The era of value-based care demands the smart use of clinical decision support. With quality improvement now an imperative, CDS is crucial to help health systems move the needle on more effective care delivery.
Ideally, CDS tools will be readily accessible to a wide array of caregivers where and when they need them, irrespective of what electronic health record they’re using. That’s easier said than done but success stories are emerging.
Take the AHRQ-funded CDS Consortium Project, for instance.
“The CDS Consortium project demonstrated successfully that CDS from Partners Healthcare could be delivered to disparate EMRs across the country,” said Blackford Middleton, chief informatics and innovation officer at Apervita.
Other EHR platforms in the consortium work include Epic, NextGen, GE Centricity, two academic EMRs at the Regenstrief Institute, and Partners own EMR.
“Delivering well-vetted CDS via the cloud allows the average EMR user to avoid the problem of discovering the right CDS to do, and how to encode it into his or her EMR. Making knowledge artifacts for CDS shareable in this manner helps to deliver on the value proposition anticipated for EMR but not yet realized: fewer medical errors, improved compliance with guidelines, better outcomes, at a lower cost.”

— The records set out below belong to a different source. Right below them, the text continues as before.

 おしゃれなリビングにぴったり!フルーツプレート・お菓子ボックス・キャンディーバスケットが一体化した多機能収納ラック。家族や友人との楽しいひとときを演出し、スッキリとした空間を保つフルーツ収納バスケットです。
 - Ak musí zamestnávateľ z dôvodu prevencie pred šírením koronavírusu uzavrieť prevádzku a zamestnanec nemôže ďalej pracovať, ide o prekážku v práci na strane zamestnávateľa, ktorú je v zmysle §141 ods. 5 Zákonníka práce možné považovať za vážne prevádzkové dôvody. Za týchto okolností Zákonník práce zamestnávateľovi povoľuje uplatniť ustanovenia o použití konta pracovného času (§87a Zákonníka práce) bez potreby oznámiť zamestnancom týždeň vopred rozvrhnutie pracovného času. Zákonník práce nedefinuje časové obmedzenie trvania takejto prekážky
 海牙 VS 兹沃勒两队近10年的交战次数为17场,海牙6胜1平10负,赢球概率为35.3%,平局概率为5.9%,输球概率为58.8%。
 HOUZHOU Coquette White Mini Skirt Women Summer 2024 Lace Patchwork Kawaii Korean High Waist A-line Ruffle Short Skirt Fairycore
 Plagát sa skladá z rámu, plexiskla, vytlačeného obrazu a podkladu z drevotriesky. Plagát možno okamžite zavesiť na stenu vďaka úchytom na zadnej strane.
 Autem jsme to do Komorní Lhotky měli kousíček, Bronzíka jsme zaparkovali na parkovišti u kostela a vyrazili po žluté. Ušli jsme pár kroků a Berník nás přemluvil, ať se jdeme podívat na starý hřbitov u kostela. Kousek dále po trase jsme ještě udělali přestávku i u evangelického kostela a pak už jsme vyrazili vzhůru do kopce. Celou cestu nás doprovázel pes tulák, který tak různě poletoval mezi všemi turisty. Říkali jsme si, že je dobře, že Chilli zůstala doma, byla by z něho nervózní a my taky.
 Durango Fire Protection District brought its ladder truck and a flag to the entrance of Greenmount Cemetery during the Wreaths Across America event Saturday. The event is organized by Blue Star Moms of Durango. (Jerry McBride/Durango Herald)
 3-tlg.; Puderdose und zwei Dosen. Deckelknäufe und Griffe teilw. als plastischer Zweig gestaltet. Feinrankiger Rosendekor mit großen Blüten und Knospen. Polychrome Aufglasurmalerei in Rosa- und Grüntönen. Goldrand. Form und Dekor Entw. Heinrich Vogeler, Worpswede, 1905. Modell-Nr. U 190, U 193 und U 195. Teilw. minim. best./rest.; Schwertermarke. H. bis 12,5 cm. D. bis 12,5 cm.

It’s a complex process, said Middleton, but “with the growing availability of standards designed exactly for this purpose, it’s becoming easier to do. The 21st Century Cures Act calls for every EMR to make available an API which can be used ‘without special effort.’ This is a critical step to get data out of and back into EMRs. The next step is to standardize the knowledge representation and clinical quality language, or CQL, helps here immensely — we have already seen its impact on standardizing eCQM (electronic clinical quality measure) specifications.
CQL will help standardize the way knowledge elements for both quality measures and CDS are represented, he said. SMART on FHIR, meanwhile, “allows us to build an app that can work inside or outside of the EMR to provide extra functionality. This can be special rich data displays, interactive sessions with the clinician (or patient) to gather information not in the EMR, or problem-focused special clinical documentation tools fitting into the clinical workflow.”
Middleton added: “We strongly believe this is the way to go – it will be impossible for every EMR implementation to rediscover and implement the world’s best knowledge so it is imperative we share it across multiple EMRs in this way. We hope this leads to ‘best care everywhere.'”
At HIMSS18, Middleton and Ninad Mishra, health scientist at the U.S. Centers for Disease Control and Prevention, will show how cloud infrastructure can help.
Middleton and Mishra will describe how collaborative web-services and standards-based APIs can deliver CDS an outpatient encounter, spotlighting the current state of the technology and exploring the prospects for the future evolution of standards harmonization and vendor support.
The session will show how the Apervita platform can encode complex clinical logic and express it in various online tools and apps, explaining how it can be implemented in the cloud and securely accessed via EHRs nationwide.
Middleton and Mishra are scheduled to present, “CDS in the Cloud: Deploying a CDC Guideline for National Use,” at 1 p.m. March 8 in Venetian Murano 3304.